Opinion
A148077
01-27-2017
NOT TO BE PUBLISHED IN OFFICIAL REPORTS
California Rules of Court, rule 8.1115(a), prohibits courts and parties from citing or relying on opinions not certified for publication or ordered published, except as specified by rule 8.1115(b). This opinion has not been certified for publication or ordered published for purposes of rule 8.1115. (Alameda County Super. Ct. No. OJ14023845)
Appellant B.A. (father) appealed from an order continuing his daughter R.A. as a dependent child and continuing jurisdiction. During the several months that his appeal has been pending, the juvenile court dismissed jurisdiction and awarded father custody of R.A. Because we agree with respondent Alameda County Social Services Agency (Agency) that the dismissal renders father's appeal moot, we dismiss it.
I.
FACTUAL AND PROCEDURAL
BACKGROUND
These juvenile-dependency proceedings were initiated more than two years ago, when the Agency filed a dependency petition in November 2014 alleging that father was arrested for spanking then six-year-old R.A. at a convenience store; that father regularly spanked R.A.; and that the whereabouts of R.A.'s mother, who is not a party to this appeal, were unknown. R.A. was detained in foster care, and the juvenile court ultimately sustained allegations under Welfare and Institutions Code section 300, subdivisions (b) (failure to protect) and (g) (no provision for support), adjudged R.A. a dependent child, and ordered reunification services for father.

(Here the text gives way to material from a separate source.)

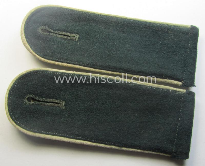 This is an attractive - fully matching and actually not that easily found! - pair of WH (Heeres), early- (ie. pre-) war-period (ie. 'M40'-pattern), 'standard-issued' (ie. NON-tailor-made!) enlisted-mens'-type shoulderstraps as piped in the neat white- (ie. 'weisser'-) coloured branchcolour as was intended for usage by a: 'Soldat der Infanterie-Truppen' (or: simple soldier who served within the infantry-troops) and that comes in overall nice- (albeit just moderately used- ie. worn-), condition. The neat straps - which are both approximately 12,2 cms. sized in length - have the 'standard-pattern', dark-green-coloured- and/or woolen-based 'upperdecks' and show the white- (ie. 'weisser'-) coloured- and/or desirable 'silk-like'-type piping attached (as can be seen on the pictures). The straps come naturally mounted onto their functional tongues and do both show some moderate age-, wear and/or minimal staining (as can be seen on the pictures). These type of shoulderstraps are of the fairly early-war-period pattern straps and were worn in the period around 1940 (and were 'worn-out' even during the rest of the war). This particular pair originated from a private-household in Germany and was most certainly always together and was worn as a pair. Simply a very attractive - and with certainty desirable! - 'Infanterie'-related EM-type shoulderstrap-pair: I deem that I priced this attractive pair according to its nice and fully untouched, condition!

In the months that followed, father engaged in reunification services, including a two-week trial visit with R.A., and made substantial progress with his case plan. In May 2015, the juvenile court ordered that R.A. be returned to father's custody and that they receive family-maintenance services. Later that year, father sought to have dependency proceedings dismissed, but the Agency advocated that it continue to provide supervision.
Following a contested review hearing in March 2016, the juvenile court continued R.A. as a dependent child, referred the matter for mediation and for consideration of dismissal, and ordered father to ensure that R.A. attend individual therapy.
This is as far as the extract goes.